▶ [Dataset]
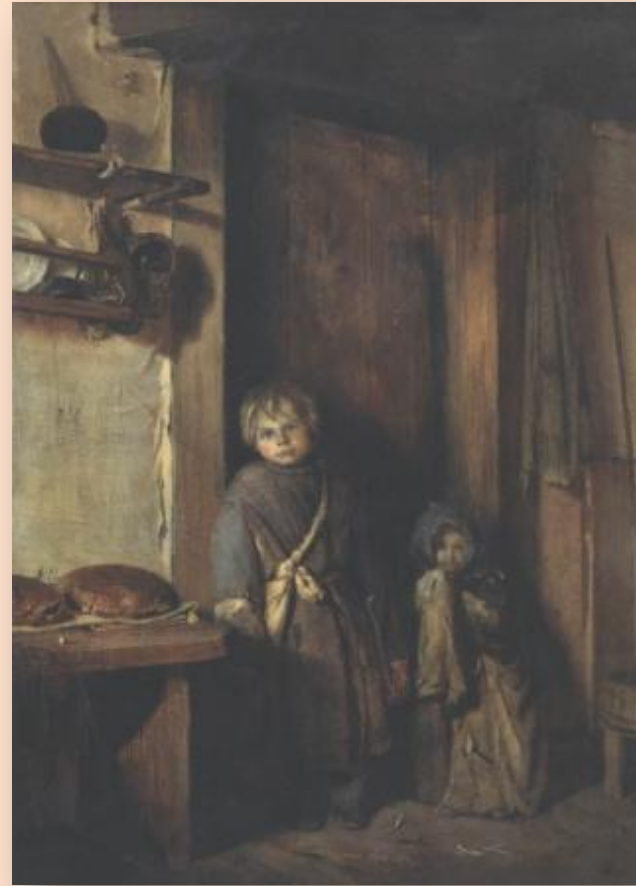
П. Чистяков «Дети нищие»
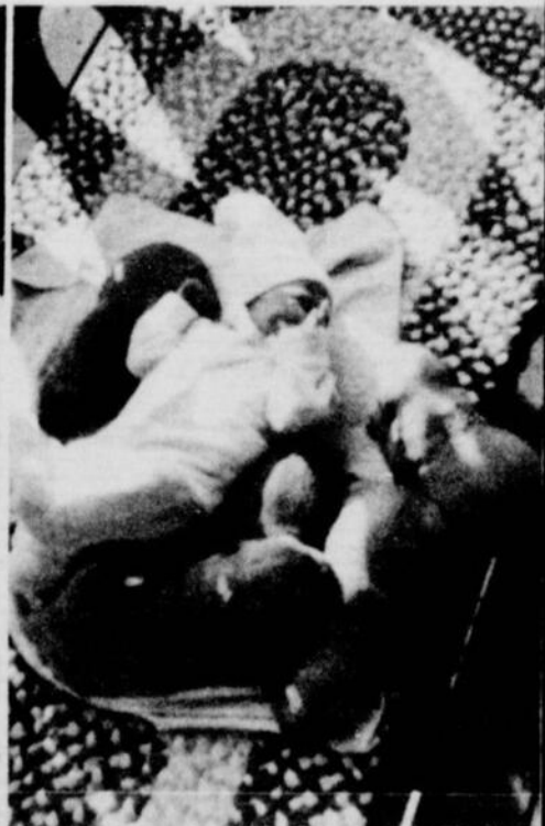
Peu de temps après la naissance de ALEXANDRA, la chienne des Lalonde, Cherry, donnait, elle aussi, naissance à une belle progéniture.
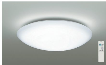
タイマー付リモコン・プルレス | 調光タイプ

傾斜天井 55° (別売) 取付パーツ DP-40091 HL 竿線天井可能 (別売) 取付パーツ DP-40638 HL
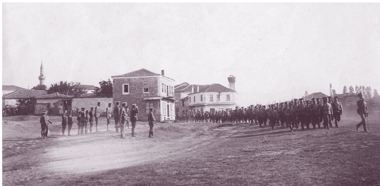
Генерал-майор Никола Жеков прави преглед на дружина от 39-и пехотен полк в село Йенидже, Ксантийско, 15 юни 1916 г.

В Първата световна война (1915–1918) през 1915–1916 г. 39-и пехотен Солунски полк под командването на подполковник Михаил Петров в състава на 10-а Беломорска дивизия охранява Беломорския бряг и пограничната линия по р. Места. През август 1916 г. участва в Струмската настъпателна операция на Втора армия. До 23 август частите на дивизията изпълняват напълно поставените им задачи. След излизането си на Егейското крайбрежие полкът охранява Беломорския бряг в района на Орфанския залив.
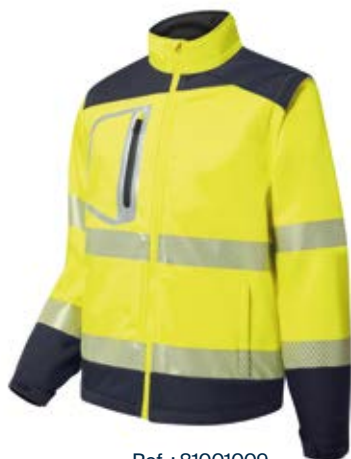
Ref. : 81001009__
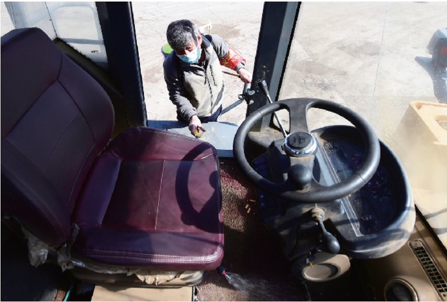
作业铲车、运输车定时消毒。
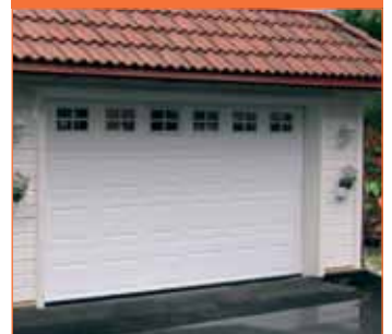
INNO 100 C (peilikuvioinen)

Peilikuvioisen nosto-oven paneelit ovat koho-pintaiset, nelikulmaisia kasetteja on saman verran jokapaneelilla. Tämä ovimalli sopii hyvin perinteisen tyylin taloihin. (Ikkunat eivät sisälly vakioimitukseen)
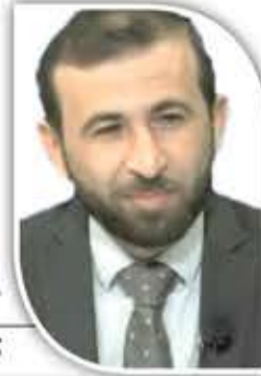
خليل نصرالله كاتب وإعلامي لبناني
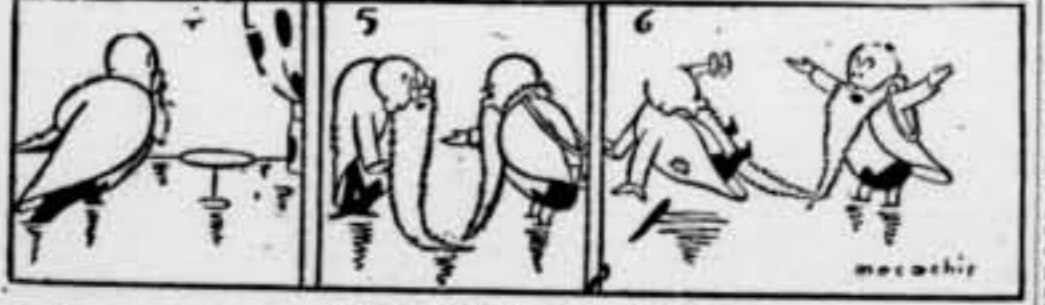
L'ORDENANÇA (que ja és molt vell). — ¿Per què no us moveu mai d'aquí?
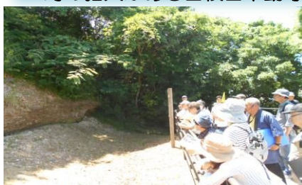
国天然記念物の木下貝層
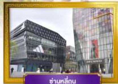
ชานหลู่กุน
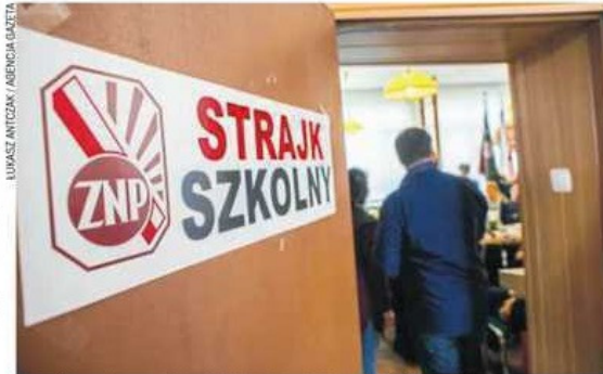
W referendum wzięło udział w Częstochowie 4367 osób

Do strajku przyłączają się także pracownicy wszystkich szkół specjalnych w Częstochowie: Zespołu Szkół Specjalnych (nr 23, 28 i 45), Ze-

▶ [Instructions for the task]
Tell how many lines in the entries contain the string "Częstochowie", and give nothing beyond the number.

▶ [Your solution]
2